SUPPLIED MATERIAL:
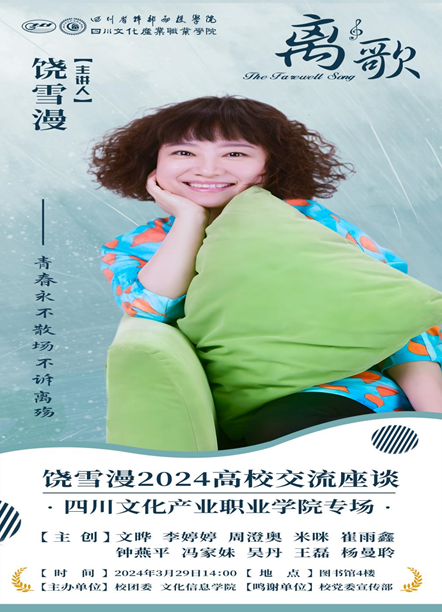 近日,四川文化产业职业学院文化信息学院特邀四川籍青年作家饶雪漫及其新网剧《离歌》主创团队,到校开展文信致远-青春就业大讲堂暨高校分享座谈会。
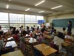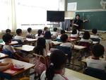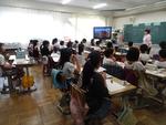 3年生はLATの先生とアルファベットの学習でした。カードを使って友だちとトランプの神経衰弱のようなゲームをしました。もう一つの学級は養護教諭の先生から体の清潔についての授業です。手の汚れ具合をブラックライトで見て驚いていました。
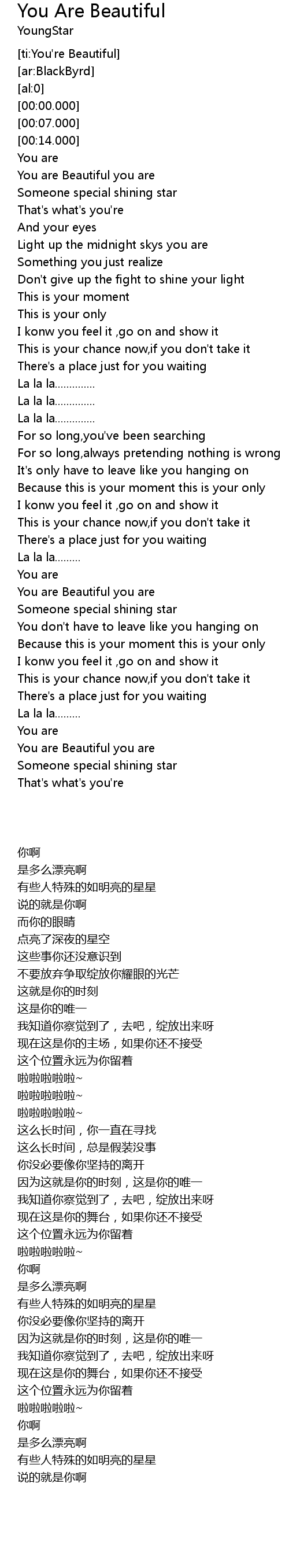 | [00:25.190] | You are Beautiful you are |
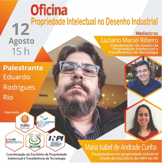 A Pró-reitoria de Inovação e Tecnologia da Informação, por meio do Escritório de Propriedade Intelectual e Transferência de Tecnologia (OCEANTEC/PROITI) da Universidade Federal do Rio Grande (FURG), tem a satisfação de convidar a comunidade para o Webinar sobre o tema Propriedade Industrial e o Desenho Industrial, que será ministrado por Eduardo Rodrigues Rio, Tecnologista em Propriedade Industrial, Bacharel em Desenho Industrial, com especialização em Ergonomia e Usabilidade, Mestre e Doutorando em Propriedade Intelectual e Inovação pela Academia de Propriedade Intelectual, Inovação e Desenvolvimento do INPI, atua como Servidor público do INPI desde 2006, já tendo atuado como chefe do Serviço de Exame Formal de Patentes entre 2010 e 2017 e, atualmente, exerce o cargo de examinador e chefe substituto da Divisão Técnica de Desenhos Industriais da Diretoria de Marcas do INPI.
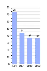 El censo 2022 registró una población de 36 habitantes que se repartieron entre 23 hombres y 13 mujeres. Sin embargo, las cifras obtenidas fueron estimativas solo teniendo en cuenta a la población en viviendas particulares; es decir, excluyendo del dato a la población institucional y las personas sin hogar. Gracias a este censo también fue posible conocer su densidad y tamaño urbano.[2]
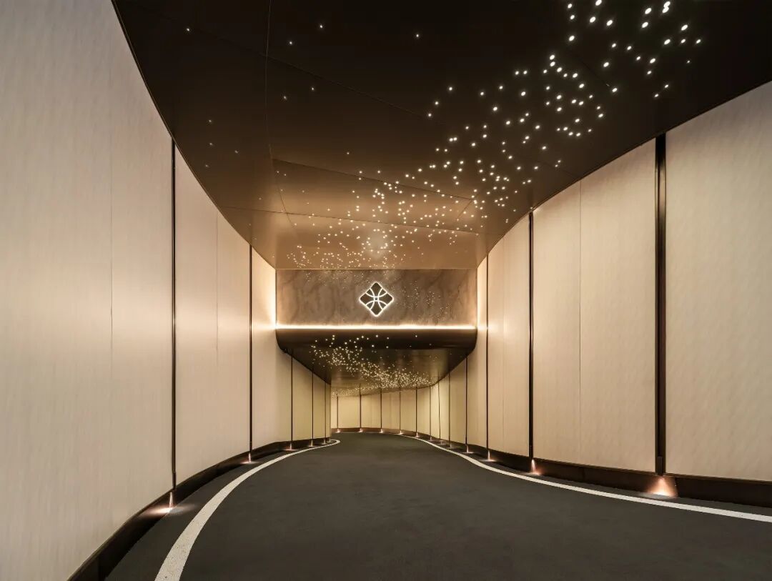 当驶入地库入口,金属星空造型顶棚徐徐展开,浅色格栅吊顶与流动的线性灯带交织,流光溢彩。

TASK TO COMPLETE:
Write out exactly the lines between the start of the data and the line with "Beautiful you are |", including both, but none of the pictures.

ANSWER SPACE:
 近日,四川文化产业职业学院文化信息学院特邀四川籍青年作家饶雪漫及其新网剧《离歌》主创团队,到校开展文信致远-青春就业大讲堂暨高校分享座谈会。
 3年生はLATの先生とアルファベットの学習でした。カードを使って友だちとトランプの神経衰弱のようなゲームをしました。もう一つの学級は養護教諭の先生から体の清潔についての授業です。手の汚れ具合をブラックライトで見て驚いていました。
 | [00:25.190] | You are Beautiful you are |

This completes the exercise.